- The poster for UFC Fight Night: Adesanya vs. Imavov
- Promotion: Ultimate Fighting Championship
- Date: February 1, 2025
- Venue: anb Arena
- City: Riyadh, Saudi Arabia
- Attendance: Not announced

Event chronology
| UFC 311: Makhachev vs. Moicano | UFC Fight Night: Adesanya vs. Imavov | UFC 312: du Plessis vs Strickland 2 |

= UFC Fight Night: Adesanya vs. Imavov =

2025 mixed martial event in Saudi Arabia

UFC Fight Night: Adesanya vs. Imavov (also known as UFC Fight Night 250 and UFC on ESPN+ 108) was a mixed martial arts event produced by the Ultimate Fighting Championship that took place on February 1, 2025, at the anb Arena in Riyadh, Saudi Arabia.

==Background==
The event marked the promotion's second visit to Riyadh and first since UFC on ABC: Whittaker vs. Aliskerov in June 2024.

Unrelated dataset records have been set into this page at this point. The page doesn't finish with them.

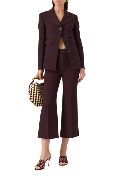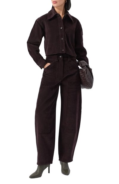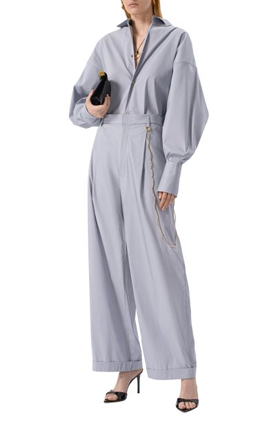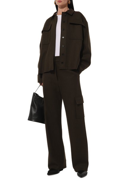 Брюки с ремешками на манжетах выполнили из хлопка с добавлением эластана. Модель с четырьмя врезными карманами дополнили парой карго с клапанами.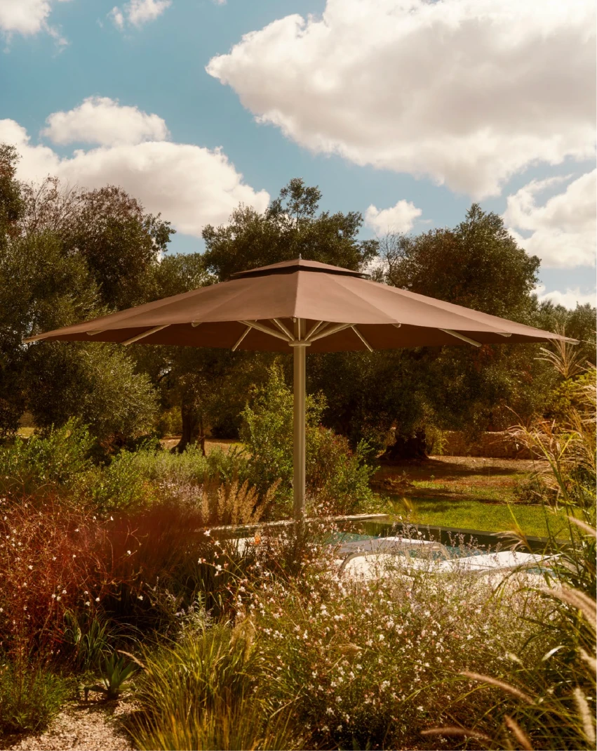 Ganimede Evo, Crema Outdoor'un en büyük ve en prestijli motorlu şemsiye modellerinden biridir. Teleskopik direk yapısı sayesinde şemsiye kapanırken yukarı doğru yükselir; böylece altındaki masa ve sandalyeleri toplamanıza gerek kalmaz. Tamamen motorize edilmiş sistemi, uzaktan kumanda ile yönetilir. RAL 9006 gövde rengi ve U224 kodlu özel kumaş seçenekleriyle sunulan bu model, otel ve geniş bahçe projeleri için profesyonel bir çözüm sunar.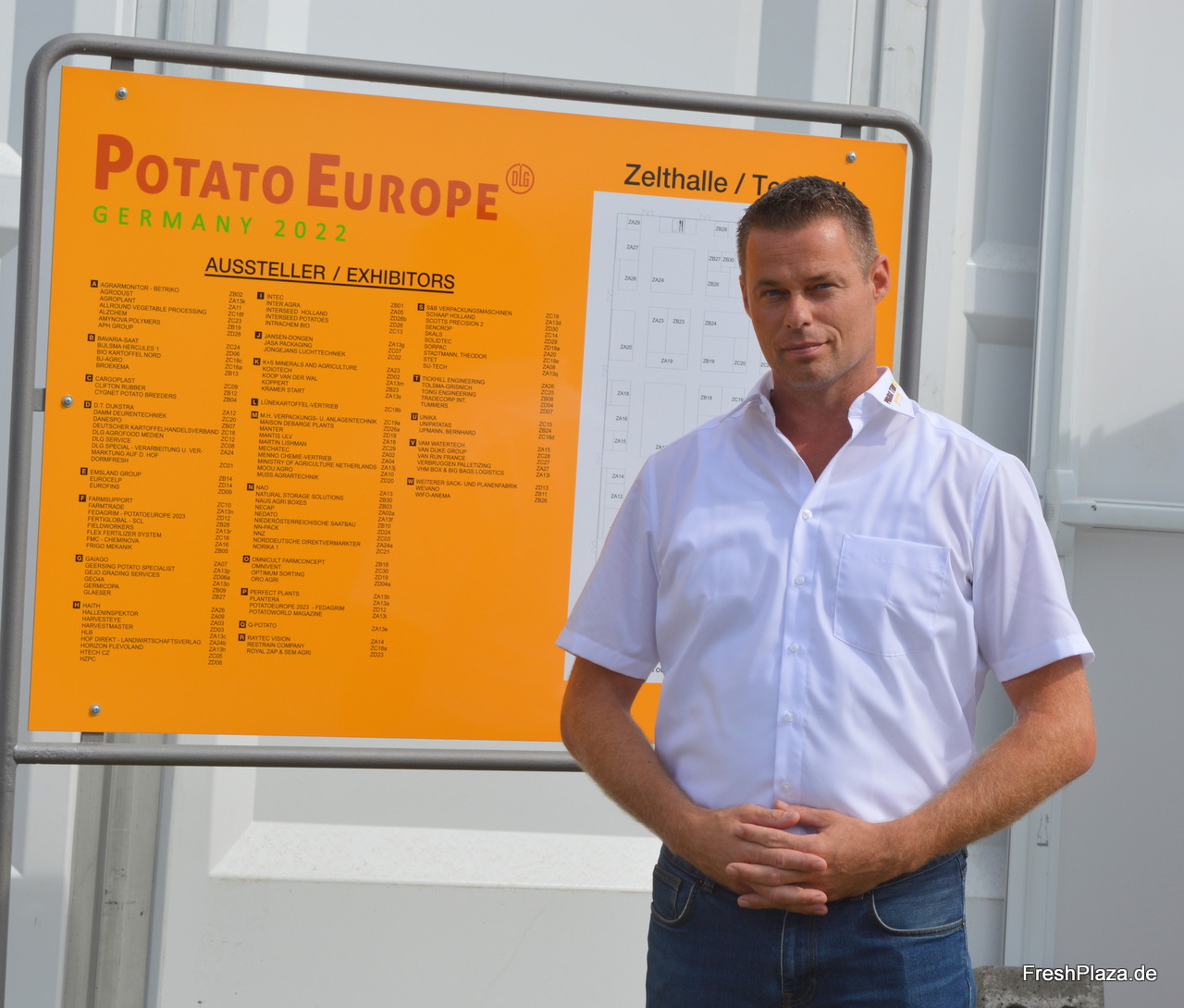 Frits Schlimback des jungen Unternehmens Muss Agrartechnik stellte erstmals auf der Potato Europe aus. Das Zwischenfazit am Ende des ersten Messetages war besonders positiv.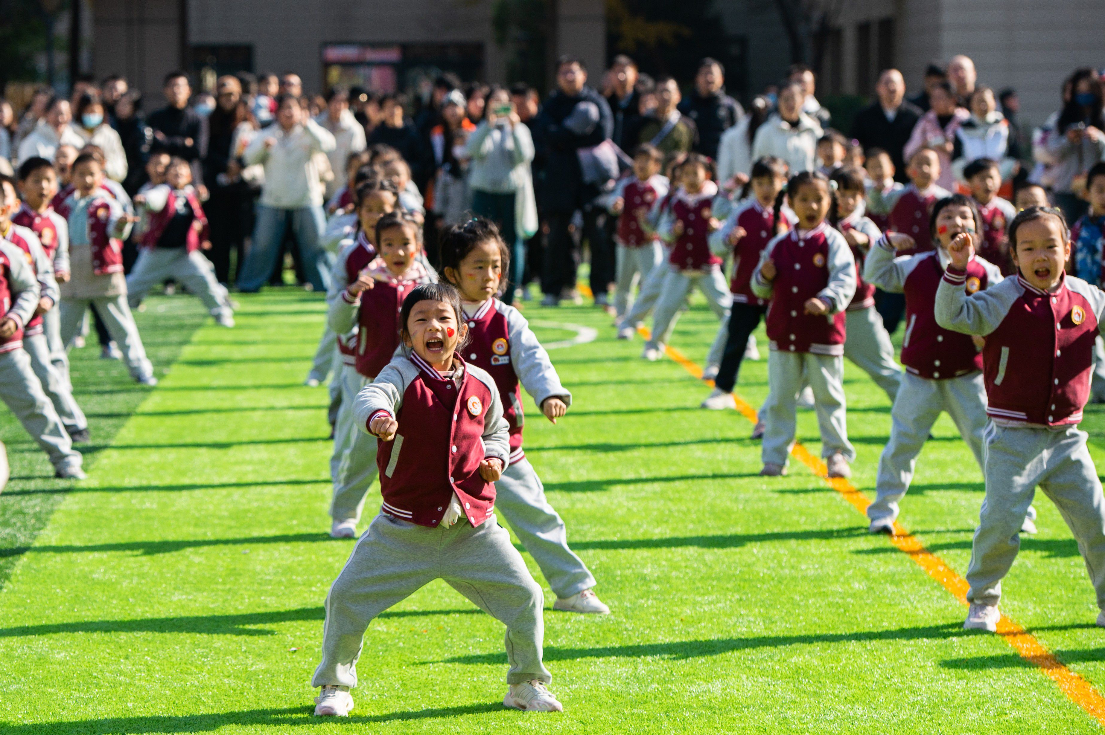 在互动提问环节,孩子们踊跃发问:“冠军姐姐,你们每天训练多久?”“比赛前会紧张吗?”“你们最喜欢的动作是什么?”冠军们耐心作答,并现场演示高难度动作,引发孩子们阵阵惊叹。

A middleweight bout between former two-time UFC Middleweight Champion Israel Adesanya and Nassourdine Imavov headlined this event.

A middleweight bout between Ikram Aliskerov and André Muniz was expected to take place at the event. The pair was originally scheduled to compete at UFC on ESPN: Perez vs. Taira in June 2024, but Muniz withdrew from the bout after he suffered a foot fracture. In turn, the bout was cancelled once again and was rescheduled for UFC on ESPN: Hill vs. Rountree Jr. as Muniz and his team had visa issues.

A lightweight bout between Jordan Leavitt and Abdul-Kareem Al-Selwady was scheduled for this event. However, Leavitt withdrew for unknown reasons and was replaced by Bolaji Oki. In turn, one week prior to the event, Oki withdrew from the fight for unknown reasons, so the bout was subsequently cancelled.

A lightweight rematch between former KSW Lightweight and Featherweight Champion Mateusz Gamrot and Rafael Fiziev was reportedly linked to this event. They previously headlined UFC Fight Night: Fiziev vs. Gamrot in September 2023, where Gamrot won due to an injury. However, the bout was never officially scheduled for the card.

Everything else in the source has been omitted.